Now we just need a post where PB thanks me for suggesting to him it was ripple...
 
These voltages are different than I got when I posted 3 hours earlier.  I was getting 4.35V from the output of the filament regulator board.    Back to not so good! :(

Here are the voltages:

Line =120.3VAC

I to board ground =7.1V
O to board ground =3.3V

L200C pins to board ground
1 = 7.1V
2 = 3.3 V
3 = 0V, continuity to ground
4 = 2.2V
5 = 3.5V

IA  180-220V  = 204V, 204V

OA  150V ± 1%  = 150V, 149.4V

+reg  (A side) 2.5V = 0.89V, 1.1V

IB  150V ± 1%  = 150V, 149.4V

OB  45-75V  = 130V*, 58V  * ranges  between 127V and 133V

Kreg (B side) 3-5V = 4.7V, 5.0V

Breg (B side) 150V ± 1%  =150V, 149.4V

+reg (B side) 150V ± 1%  =150V, 149.4V

B1 0V= 0V
B2 150V= 150V
B3 3-5V= 4.7V
B4 0V= 0V
B5 150V= 149.4V
B6 3-5V= 5.0V

Cheers,
Geary
 
Well, you have adequate voltage going into the board now, so that's a good start.

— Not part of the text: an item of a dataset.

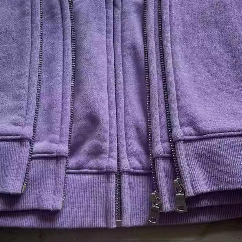 เสื้อมีฮู้ดมีซิปสามชั้นดีไซน์เป็นเอกลักษณ์เสื้อผ้าแนวสตรีทเฮฟวี่เวทวัสดุคุณภาพสูงเสื้อฮู้ดซิปสามชั้นแบบสั่งทำ

The regulator is set to put out about 4.2V, so your regulator is still not working.  There isn't any reason to muck around with the high voltage side of things before your tubes are properly heated.

Try pulling both tubes, then recheck the output of the regulator board.

Do both OB voltages measure at 130V, or is it one side is 130V on OB and the other side is 58V?

-PB
 
Caucasian Blackplate said:
Well, you have adequate voltage going into the board now, so that's a good start.

The regulator is set to put out about 4.2V, so your regulator is still not working.  There isn't any reason to muck around with the high voltage side of things before your tubes are properly heated.

Try pulling both tubes, then recheck the output of the regulator board.

Filament reg board, no 4P1L  tubes :
7.1V
O 7.5V

Caucasian Blackplate said:
Do both OB voltages measure at 130V, or is it one side is 130V on OB and the other side is 58V?

These voltage vary from time to time, but, yes, there is consistently  an approximate 2:1 voltage differential at OB on each side.